I've thought quite a bit about my post yesterday. I don't feel there is anything wrong with the post. Nor is there anything wrong with me. Maybe it sounds a bit more harsh in black and white than I intended it to be. I feel like these thoughts are common for someone that struggles with weight. They are normal for someone that is constantly on a diet. I will *never* be able to eat without thinking about it. If I do I will be right back up at 250 lbs. Have you been 250 lbs? It sucks. It's not fun. I looked like a blown up balloon. I'm not joking. It's hard for me to lose weight. The thyroid issue is a prominent one. It's not calories in vs calories out. It sucks to eat healthy and workout all the time to only maintain my weight. I work *hard* to not gain weight. Do you have to work so hard to maintain your weight? Until you've been in this position I don't think you can really comprehend what it's like.
That being said, I don't feel like I have an unhealthy relationship with food.
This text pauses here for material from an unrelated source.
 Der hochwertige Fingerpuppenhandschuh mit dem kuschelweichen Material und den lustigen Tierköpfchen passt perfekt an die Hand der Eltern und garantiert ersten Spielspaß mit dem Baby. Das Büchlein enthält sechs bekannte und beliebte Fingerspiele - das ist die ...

I do not starve myself. I do not stuff my face. I do not throw up what I've eaten. Even though the thought of food, calories, carbs, gaining weight is in the forefront of my mind I still eat. If I didn't maybe I'd be thinner! I eat sugar. I eat carbs. I eat fruits. I eat nuts. I eat meat. I eat cheese. I eat. Again I don't eat till I'm sick. But I do eat. And if you hung out with me you would see that I eat normally. You would see that I eat healthier than most people. I can't tell you how many comments I get at work from people that see me eating a salad every day at lunch.
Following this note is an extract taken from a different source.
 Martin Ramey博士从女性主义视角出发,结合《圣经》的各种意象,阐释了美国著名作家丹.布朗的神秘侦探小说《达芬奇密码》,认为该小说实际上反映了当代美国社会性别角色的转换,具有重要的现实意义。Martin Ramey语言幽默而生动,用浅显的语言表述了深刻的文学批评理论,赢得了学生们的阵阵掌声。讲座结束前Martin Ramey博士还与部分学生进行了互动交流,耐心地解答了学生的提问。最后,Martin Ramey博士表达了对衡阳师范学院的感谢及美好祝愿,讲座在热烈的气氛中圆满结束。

I'm not going to lie, it sucks when I can have a normal day, maybe eating out for one meal, and gain 3+ lbs on the scale overnight. It's depressing that it can take me a WEEK to get that off. Is that a female issue? Is that normal? Maybe. Who the hell knows. I've been tested for food sensitivities. There are several things I should not eat. Though those tests give false positives and negatives so how do I rely on that? Some of the items I don't eat anyways, some I don't eat often. I do not feel like there are other life issues that are causing these thought processes. I feel like this is normal for someone that has been overweight, that is still overweight and that struggles with losing weight. Those of you that are the journey with me. . . do you not wake up and hopefully get on the scale? Do you not hold your breath (even metaphorically speaking) and hope that the number went down? Are you not disappointed when the number goes up? Those of you that are trying to lose weight. . . do you not feel slightly guilty when you eat that cookie that you "shouldn't" eat? Sure you can fit those calories into your day, but don't you feel a tinge of guilt when you eat something that is "bad"? And do you not get mad when you work your ass off and eat right and don't see any results? I don't think I'm alone here.
So I'm going to march forward. . . eating my salad for lunch every day. Drinking a ton of water every day. Continuing on my half marathon training schedule and I'm going to see where I end up.